Why does this matter? I would suggest that the outcomes of the setting of coastal policy in this way are likely to influenced by both the appetites and abilities of those affected to make their case forcibly to decision-makers. By way of example, in 2007 the draft SMP for where I live proposed that ‘our’ policy unit’ – some 75 homes flanking a road, with beach on one side and marsh on the other – might cease to be defended and lost to the sea in 20-50 years.  Residents formed an action group to oppose the plan, with the (possibly indirect) result that this policy unit – one of 26 such - was identified as the subject of approximately 50% of all consultation responses in a subsequent official account of the consultation[4]. The policy was later modified.  Meanwhile, a policy unit on the same patch that was similar in terms of number of homes and predicament elicited no response at all according to the same account – despite being covered by the same consultation process.

Exercising influence – conflicting views
I’m interested in why – on the face of it at least – people in one area concerned about the potentially negative effects of proposed coastal policy kicked up a stink and pushed for change, and people similarly challenged in another location did not.  It is possible, of course, that (to paraphrase the fictional case study from the Environment Agency handbook) when it was explained to them, most of people were persuaded by utilitarian arguments and came to see that managed realignment was the most suitable long-term agreement.

However, I would draw attention instead to recent studies testing the success of attempts on the part of authorities to involve people in local decision-making.  In 2009 the Joseph Rowntree Foundation published a round up of findings[5] drawn largely from its Government and Public Services research programme, which explored “the experiences and perceptions of communities, councillors and public officials involved in a range of governance processes.” (p.2)  Conclusions suggest “conflicting views about how far communities and citizens can exercise substantial influence over decisions about public services” (p.3). 

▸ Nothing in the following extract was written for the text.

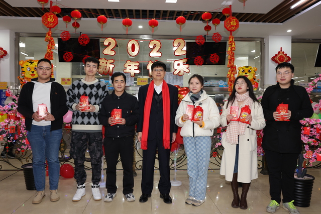 在廣西大學(xué)萃苑餐廳,羅廷榮代表學(xué)校向留校過年的同學(xué)們送上新春的問候與祝福,為同學(xué)們分發(fā)“春節(jié)紅包”和“福袋”,為近兩天過生日的2名同學(xué)慶生,與大家同唱生日歌、同切生日蛋糕,并與同學(xué)們一起吃年夜飯,拉家常、話發(fā)展。
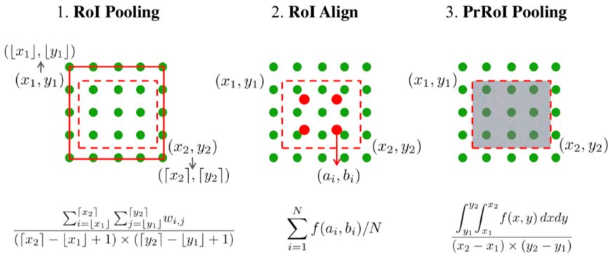 PrROI Pool:即Precise ROI Pooling,其考虑了Proposal对应格子区域的每个值,采用积分的方式进行求解,而ROI Align只Sample对应格子区域的几个值。

Whilst community respondents expressed positive feelings about the potential benefits of engaging, there was also frustration about the barriers that limited their involvement.  It appears that only a small proportion of citizens get involved in such encounters, with uneven take up of opportunities to influence decision-making.  Despite government efforts, it would seem that disadvantaged groups don’t necessarily gain increased access to – and influence over – those with power.  Rather, suggests Foot, when people from deprived neighbourhoods get involved to tackle deep-rooted social problems, they need to persuade people from the more affluent and socially influential neighbourhoods to ally with them. By contrast, Foot suggests that others exclude themselves or are not invited to join because they find it difficult to deal with bureaucracy, they ‘don’t fit’ or they feel they can have more effect as an outsider. This is just one study of course, but its findings are supported in other literature and, for what it is worth, chime with my experience of community activism in this context. It should not be assumed that the absence of noisy opposition indicates a contentment with what is being proposed. And as for those who disagree, if it is they whose future well-being is to be traded away for the greater good, do they not warrant more than a mention in dispatches when the process is written up?


[1] Environment Agency. 2010. The coastal handbook: a guide for all those working on the coast
[2] See my previous post ‘Loss of coastal homes – time we knew the big picture.
[3] CLG. 2011. Community Action in England: A report on the 2009–10 Citizenship Survey. Office for National Statistics.
[4] http://www.se-coastalgroup.org.uk/assets/SMP%20Isle%20of%20Grain%20to%20South%20Foreland/docs/html/frameset.htm
[5] Foot, J., 2009.  Citizen involvement in local governance: Reviewing the evidence. York: Joseph Rowntree Foundation.